1991- unincorporated combination collectibles and computer store Shawn's Trading Post opens

1996 -  business incorporated as Shawn's Trading Post Inc > http://www.bbb.org/washington-dc-eastern-pa/business-reviews/collectibles/shawn-s-trading-post-inc-in-bloomsburg-pa-235960745/

late 1996 Shawn's Trading Post starts to dabble in selling hosting services

January 1998 Burst.net domain registered

mid 1998 or later?, Shawn's Trading Post Inc officially changes name to Burstnet Technologies Inc

https://www.corporations.state.pa.us/corp/soskb/Corp.asp?1628791

more: Shawn's Trading Post Inc also owned Unrestricted Internet Services Inc http://www.companies-pennsylvania.com/unrestricted-internet-services-inc-1186s/ 

site: http://unrestricted.net/

DBA name (not incorporated: https://www.corporations.state.pa.us/corp/soskb/Corp.asp?1735761

In 2000 Burstnet Technologies registered Smarthost Internet Services Inc (another DBA unincorporated name)

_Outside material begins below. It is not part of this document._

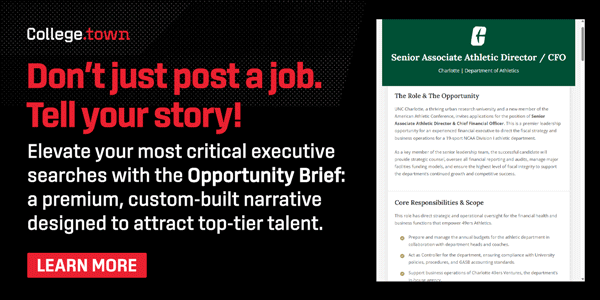 "The Opportunity Brief College.town developed was a genuine game changer. We received direct feedback from multiple industry professionals confirming that this brief was viewed as an invaluable tool in their decision-making process for applying to our CFO position. It not only attracted top-tier talent but fundamentally elevated the perception of the role and our organization." — Chris Thomasson, Exec. Assoc. AD @ UNC Charlotte
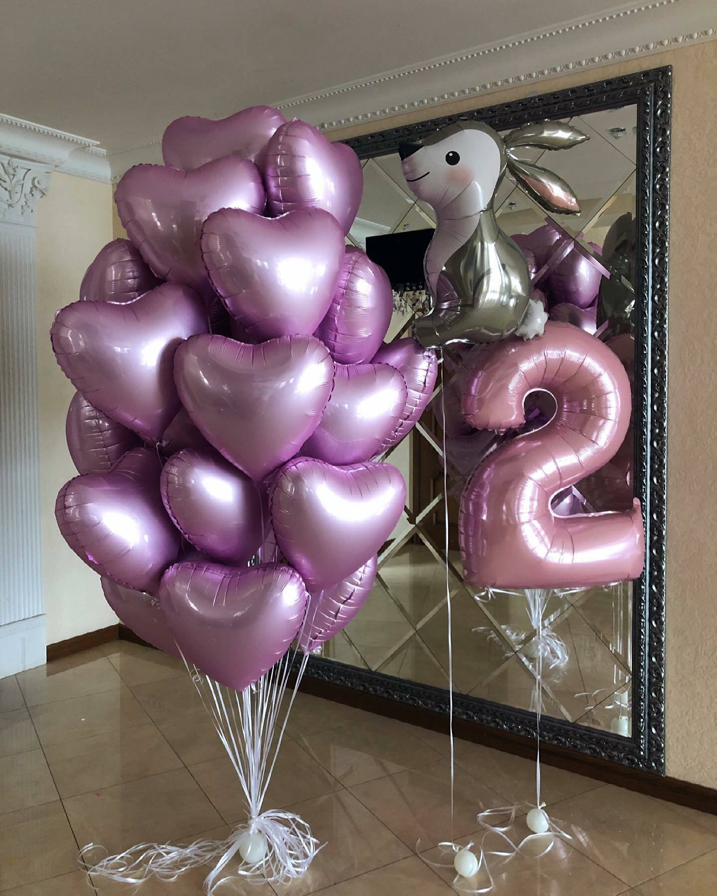 2)фольгированная цифра 2 розовая.

https://www.corporations.state.pa.us/corp/soskb/Corp.asp?1835522

BBB note on Burst from last year:

_In November 2013, the BBB notified the company of a pattern of complaint activity alleging the company sent spam emails to consumers and that the company did not correct service issues or distribute refunds that consumers believe were due to them.  The company did not respond to the BBB's request for explanations of the circumstances and request for changes to the business's practices._

http://www.bbb.org/washington-dc-eastern-pa/business-reviews/internet-services/burstnet-technologies-inc-in-scranton-pa-235964357


----------



## Nett (Apr 12, 2014)

Apparently they decided to start over.


----------



## Hxxx (Apr 12, 2014)

wow


----------



## drmike (Apr 13, 2014)

The big question no one in the room has asked and hasn't been asked elsewhere is where are the Arcus brothers in their business plans?

I for one SUSPECT that Burst.net or some lingering remnant of it will reappear soon.  It won't be this DigiPlus entity in NC that abducted the clients either -  it will be in addition to such.


----------